Posted:  27 Jan 2015 16:23  
There are two basic kinds of horticultural lime: hydrated lime, which is fast-acting and generally used on lawns and in vegetable gardens to correct pH problems (makes acidic soils more alkaline or "sweet"), and dolomitic lime, which is a slow-release form of limestone that is more suited for long-term horticultural applications such as indoor plants.  NEVER use hydrated lime on indoor plants, especially not unless you have had an accurate soil test done first.  You can easily burn the roots of your plants and create a pH overcorrection that will make certain nutrients unavailable to your plants and cause deficiency symptoms.

Most potting mixes today contain large amounts of sphagnum peat moss, resulting in a relatively low pH that can cause many plants to show nutrient deficiency symptoms.  Notice I've said that about both low and high pH soils in the past two sentences?  That's because certain nutrients are more available within certain pH ranges, depending on the plant.  Azaleas are notorious for "liking" acidic soils, and will show chlorosis in alkaline soils, for instance. 

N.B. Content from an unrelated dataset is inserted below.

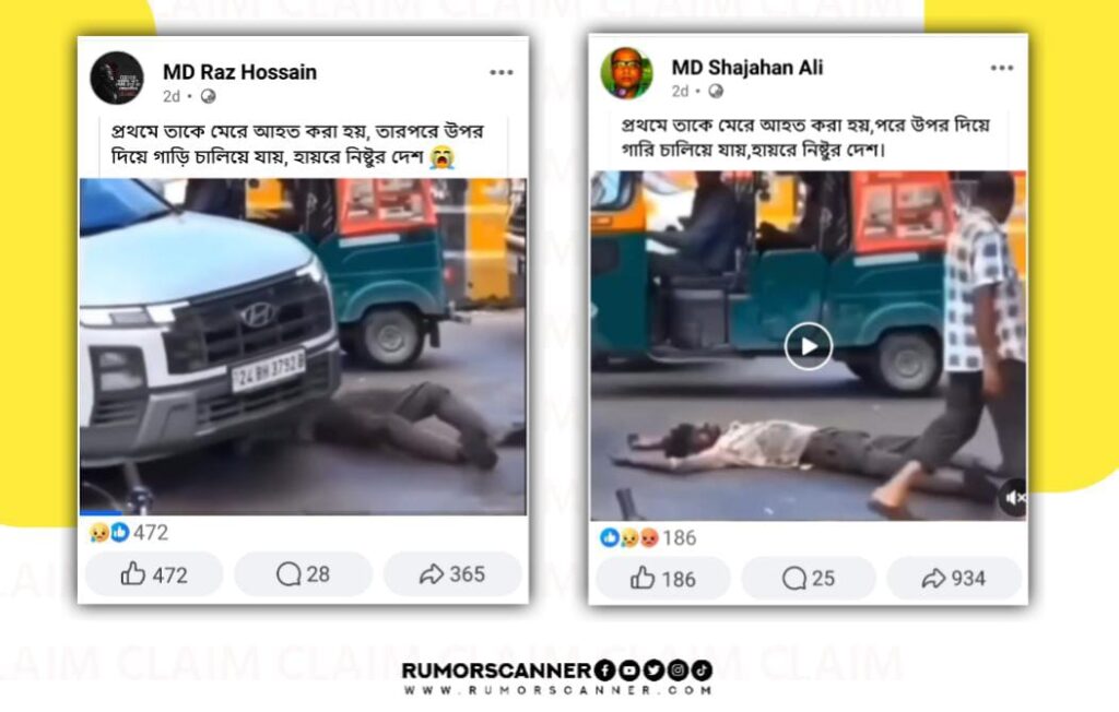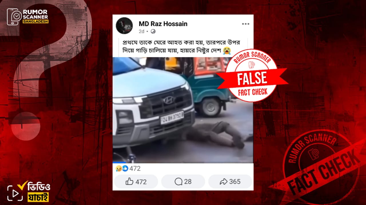 অর্থাৎ, দাবি করা হয়েছে, ভিডিওটি বাংলাদেশে এক ব্যক্তির ওপর দিয়ে গাড়ি চালানোর দৃশ্যের।

The conventional wisdom used to be that you should add a teaspoon or two of dolomitic limestone to your houseplants on a semi-regular basis in order to correct the pH drop associated with the breakdown of acidic components of the medium (peat, compost, leaf mold, etc.).  But today, most potting mixes are pH-corrected before they're packaged for sale and contain mainly peatmoss, so if you're thinking your mix is too acidic, it's always mandatory to have it tested before amending it further.  Otherwise, you could end up with a soil pH that is out of whack in the other direction (too alkaline), and since most tropical plants prefer a neutral to slightly acidic medium, that could spell trouble.

Dolomitic lime is good for adding calcium and magnesium to the medium, and because it's slow-acting, you can pretty safely add it to your plants' medium in small doses infrequently without doing harm.  Magnesium is an element that is critical to a lot of plant metabolic processes, especially nitrogen and phosphorus absorption.  So if there's a real shortage of Magnesium in your soil, Epsom salts are a quicker way of adding available Magnesium to the medium.

When you get your soil tested (your county agricultural extension agent is a good, cheap service for that), they will give you a printout of all of the major and minor elements present as well as pH and soluble salts (usually expressed as eC, or electrical conductivity), and often recommend what and how much to use to correct any deficiencies.  Go online and Google "county extension" and your locality name and you'll get the contact and location info.  Good questions!